JAVA MOSS, Vesicularia dubyana, - you can let this float as a ball or tied to drift wood, or rock, i would not mix this with the christmas moss. so if you tie both to a driftwood, make sure its at different places or one to driftwood one to rock.

Echinodorus cordifolius Tropica Marble Queen, BEAUTIFUL, EASY
Item # MARBLEQUEEN, background - place in the back ground, bury roots. even if you get it as a small plant it will get fairly big.

CYPERUS HELFERI, wonderful background plant or midground focal
Item # helferiP - very nice long grassly plant, put it in the background, next to the vals if you wanna make a tall grass wall in the back.

ANUBIAS FRAZERI, Tall Anubias Species background up to 20 inches
Item # Frazeri01 - sooo many tall plants.... lol no experience with this one, probably plant like a sword. if it comes with a rhizome dont bury it.

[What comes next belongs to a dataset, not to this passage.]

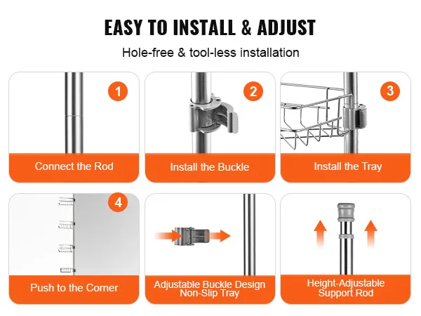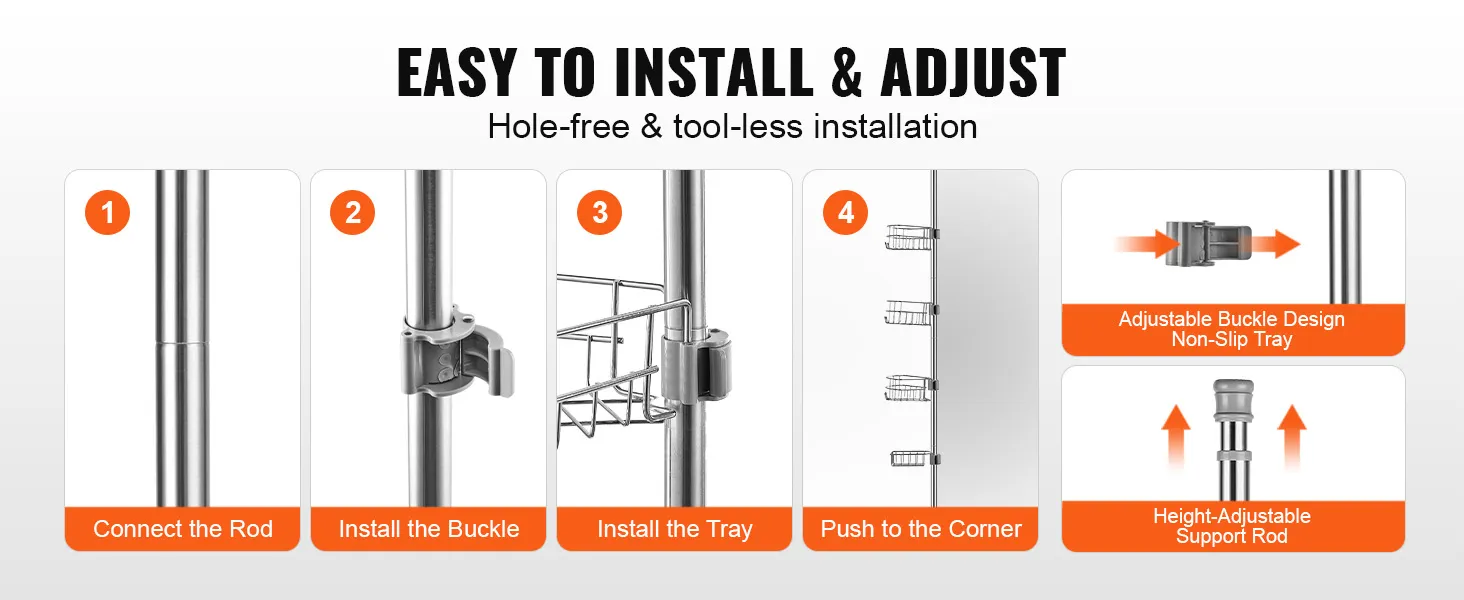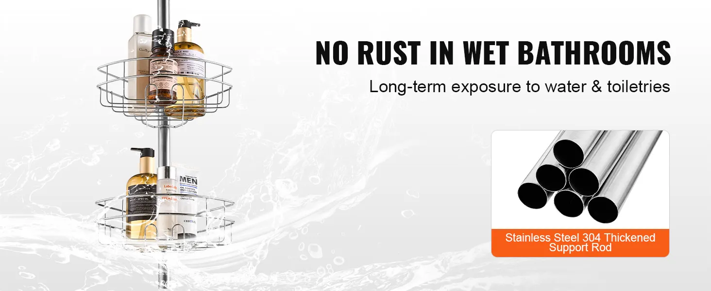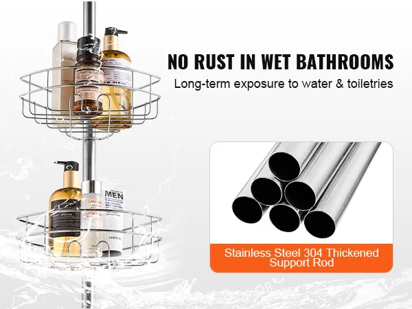 De badkamerorganizer met trekstang voor de hoekdouche is gemaakt van hoogwaardig roestvrij staal, dat corrosiebestendig en stevig is. Zelfs als hij lange tijd in water wordt ondergedompeld of veelvuldig in contact komt met toiletartikelen, is hij nog steeds zo goed als nieuw.

I reallllly realllly hope you have a tank big enough for all of these. even if they come as tiny plants, they willl grow out and fill your tank pretty fast.


----------



## jadaBlu (Feb 14, 2013)

Thanks! I have a 29 gallon for my sorority (and a 20 long on reserve just for plants for growing out) I am planning to start planting other smaller tanks too. I have lots of tanks to convert over. I hope I end up having enough to sell the long run to pay for fish expenses.


----------



## Flyby Stardancer (Jun 19, 2013)

I have my anubias and java ferns tied to rocks, and then the rocks sit on the substrate, so that the rhizomes don't get burried.


----------